## TASK REQUIREMENTS
Every record that follows is to be copied exactly, with the pictures omitted.

(SOURCE INFORMATION Opens)

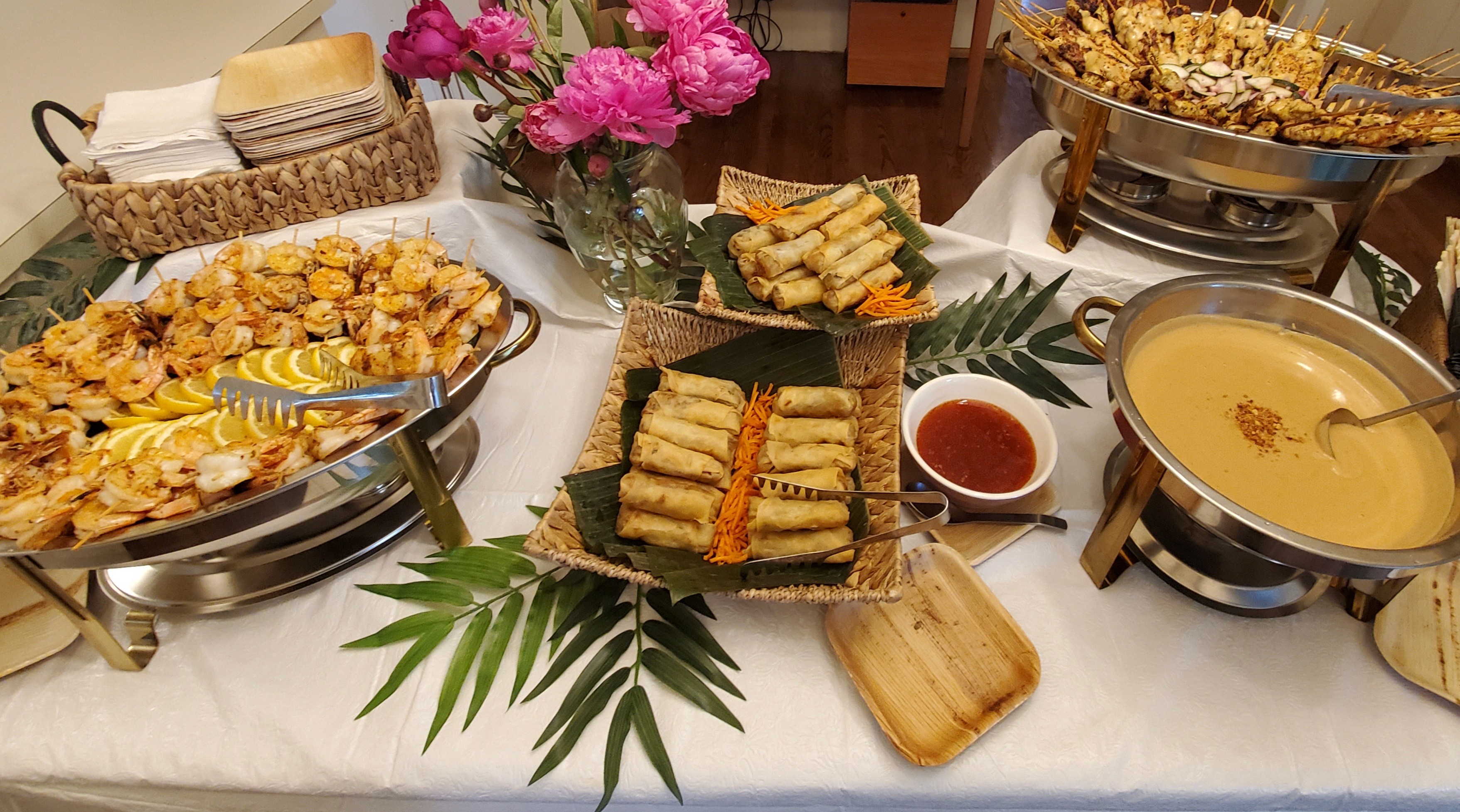If your gathering is more casual or you are on a tight budget, you can order all disposable trays to set your own buffet without our service team. (Order now tab) Need individually boxed lunches instead of a shared buffet? We offer that as well, just ask us for more details in the inquiry form.
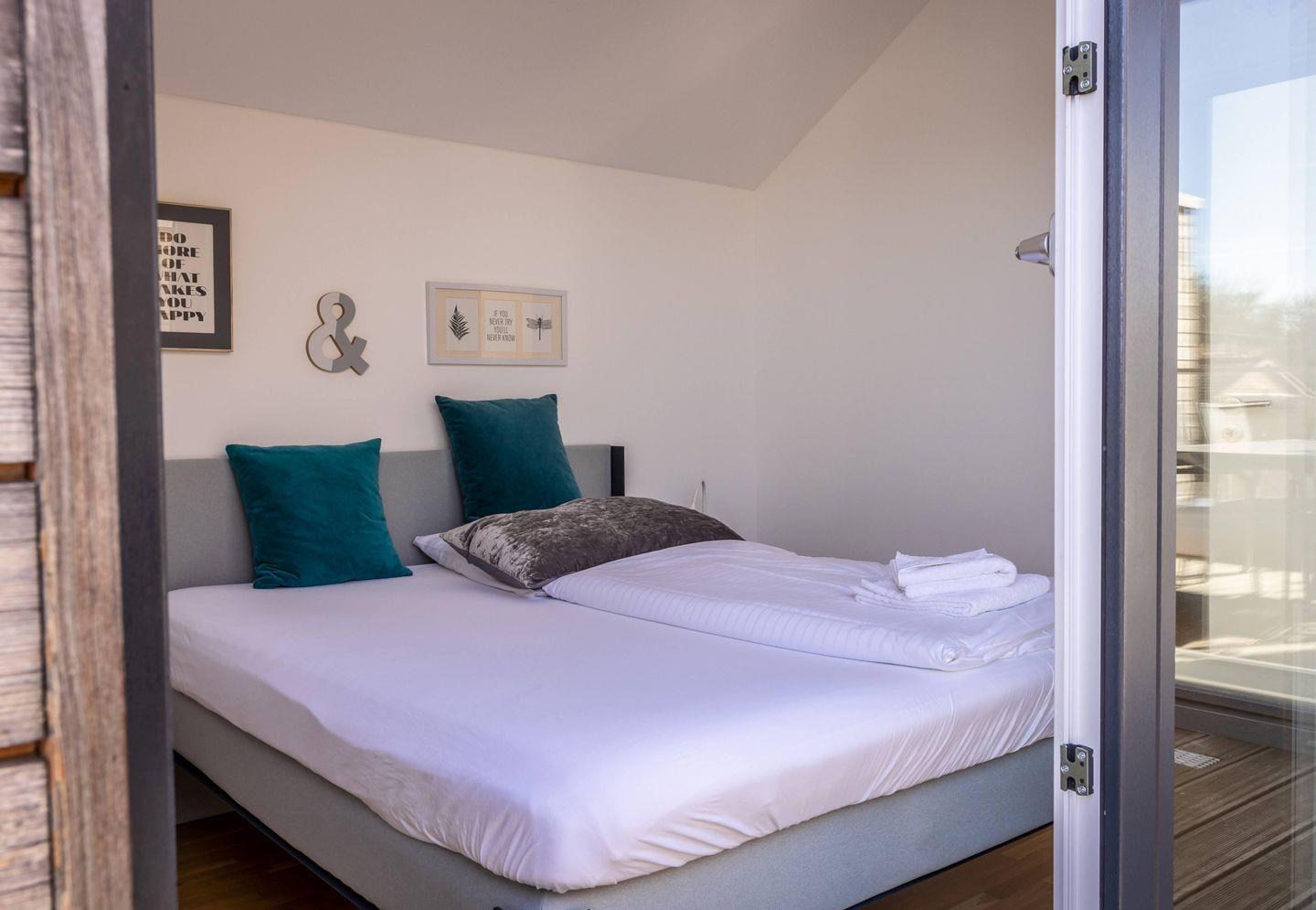 Im oberen Bereich der Unterkunft befinden sich die zwei Schlafzimmer. Das eine Schlafzimmer hat ein großes Doppelbett (2,00 x 2,00m), das zweite hat ein Doppelbett (1,40 x 2,00m). Ein Babybett sowie ein Hochstuhl stehen Ihnen kostenfrei zur Verfügung. Ergänzt wird das Obergeschoss durch das moderne Badezimmer mit Dusche und Badewanne.
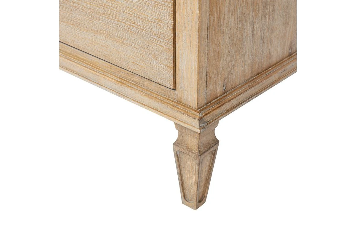 French inspired 6 drawer dresser with a wire brushed natural finish with grey highlights. Leg assembly required.
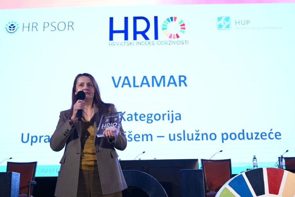 Valamar, vodeća turistička kompanija, dobitnik je prestižne nagrade Hrvatskog indeksa održivosti (HRIO) za izvrsnost u kategoriji upravljanje okolišem. Valamar je prva turistička kompanija u Hrvatskoj koja je integrirala održivi razvoj u upravljanje poslovanjem te definirala ciljeve održivosti, a početkom 2024. usvojena je nova strategija održivog razvoja poslovanja do 2026. godine.
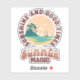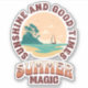 Retro style design with "Sunshine and good times" and "Summer magic" text design with grunge summer scene with sea, sailing boat and mountains decoration
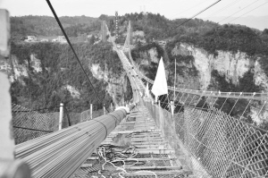 张家界大峡谷玻璃桥成功合龙 12月3日,随着最后一片重达41吨加劲梁的精准吊装,湖南张家界大峡谷玻璃桥钢箱梁成功合龙。据悉,张家界大峡谷玻璃桥总长430米、宽6米,桥面距离谷底相对高度约300米。桥面全部采用透明玻璃铺设,最大游客容量为800人。新华社发
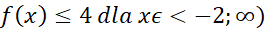 Aby rozwiązać to zadanie musisz narysować wykres podanej funkcji. W tym celu wyznacz jej wartości dla kilku jej argumentów, nanieś punkty na układ współrzędnych i stwórz wykres. Pomocne będzie również wyznaczenie miejsca zerowego i miejsca przecięcia z osią y (P = (0, f(0)). Odczytaj dla jakich argumentów wykres funkcji biegnie pod wartością 4 na osi y.
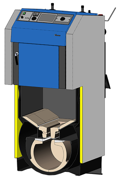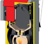 Regulación electromecánica – el rendimiento de la caldera se regula mediante una válvula reguladora de aire controlada por un regulador de tiro, tipo FR 124, que abre o cierra automáticamente la válvula de aire según la configurada temperatura de salida del agua (80 – 90 °C). Además de regular la potencia, el regulador de tiro ayuda a proteger la caldera contra el sobrecalentamiento. Su ventaja es un encendimiento rápido y un aumento hasta la potencia requerida cuando la compuerta de aire está completamente abierta. Las calderas están equipadas con un termostato de control en el panel de instrumentos, que controla el extractor de aire según la configurada temperatura de salida del agua (80 – 85 °C) y un termostato de gases de combustión, que se utiliza para apagar la caldera y apagar el ventilador de escape después de que se haya quemado el combustible. En el caso de conectar una caldera con un depósito de almacenamiento, el termostato de humos también controla el funcionamiento de la bomba en el circuito de caldera.

(SOURCE INFORMATION Closes)

## EXERCISE RESPONSE
If your gathering is more casual or you are on a tight budget, you can order all disposable trays to set your own buffet without our service team. (Order now tab) Need individually boxed lunches instead of a shared buffet? We offer that as well, just ask us for more details in the inquiry form.
 Im oberen Bereich der Unterkunft befinden sich die zwei Schlafzimmer. Das eine Schlafzimmer hat ein großes Doppelbett (2,00 x 2,00m), das zweite hat ein Doppelbett (1,40 x 2,00m). Ein Babybett sowie ein Hochstuhl stehen Ihnen kostenfrei zur Verfügung. Ergänzt wird das Obergeschoss durch das moderne Badezimmer mit Dusche und Badewanne.
 French inspired 6 drawer dresser with a wire brushed natural finish with grey highlights. Leg assembly required.
 Valamar, vodeća turistička kompanija, dobitnik je prestižne nagrade Hrvatskog indeksa održivosti (HRIO) za izvrsnost u kategoriji upravljanje okolišem. Valamar je prva turistička kompanija u Hrvatskoj koja je integrirala održivi razvoj u upravljanje poslovanjem te definirala ciljeve održivosti, a početkom 2024. usvojena je nova strategija održivog razvoja poslovanja do 2026. godine.
 Retro style design with "Sunshine and good times" and "Summer magic" text design with grunge summer scene with sea, sailing boat and mountains decoration
 张家界大峡谷玻璃桥成功合龙 12月3日,随着最后一片重达41吨加劲梁的精准吊装,湖南张家界大峡谷玻璃桥钢箱梁成功合龙。据悉,张家界大峡谷玻璃桥总长430米、宽6米,桥面距离谷底相对高度约300米。桥面全部采用透明玻璃铺设,最大游客容量为800人。新华社发
 Aby rozwiązać to zadanie musisz narysować wykres podanej funkcji. W tym celu wyznacz jej wartości dla kilku jej argumentów, nanieś punkty na układ współrzędnych i stwórz wykres. Pomocne będzie również wyznaczenie miejsca zerowego i miejsca przecięcia z osią y (P = (0, f(0)). Odczytaj dla jakich argumentów wykres funkcji biegnie pod wartością 4 na osi y.
 Regulación electromecánica – el rendimiento de la caldera se regula mediante una válvula reguladora de aire controlada por un regulador de tiro, tipo FR 124, que abre o cierra automáticamente la válvula de aire según la configurada temperatura de salida del agua (80 – 90 °C). Además de regular la potencia, el regulador de tiro ayuda a proteger la caldera contra el sobrecalentamiento. Su ventaja es un encendimiento rápido y un aumento hasta la potencia requerida cuando la compuerta de aire está completamente abierta. Las calderas están equipadas con un termostato de control en el panel de instrumentos, que controla el extractor de aire según la configurada temperatura de salida del agua (80 – 85 °C) y un termostato de gases de combustión, que se utiliza para apagar la caldera y apagar el ventilador de escape después de que se haya quemado el combustible. En el caso de conectar una caldera con un depósito de almacenamiento, el termostato de humos también controla el funcionamiento de la bomba en el circuito de caldera.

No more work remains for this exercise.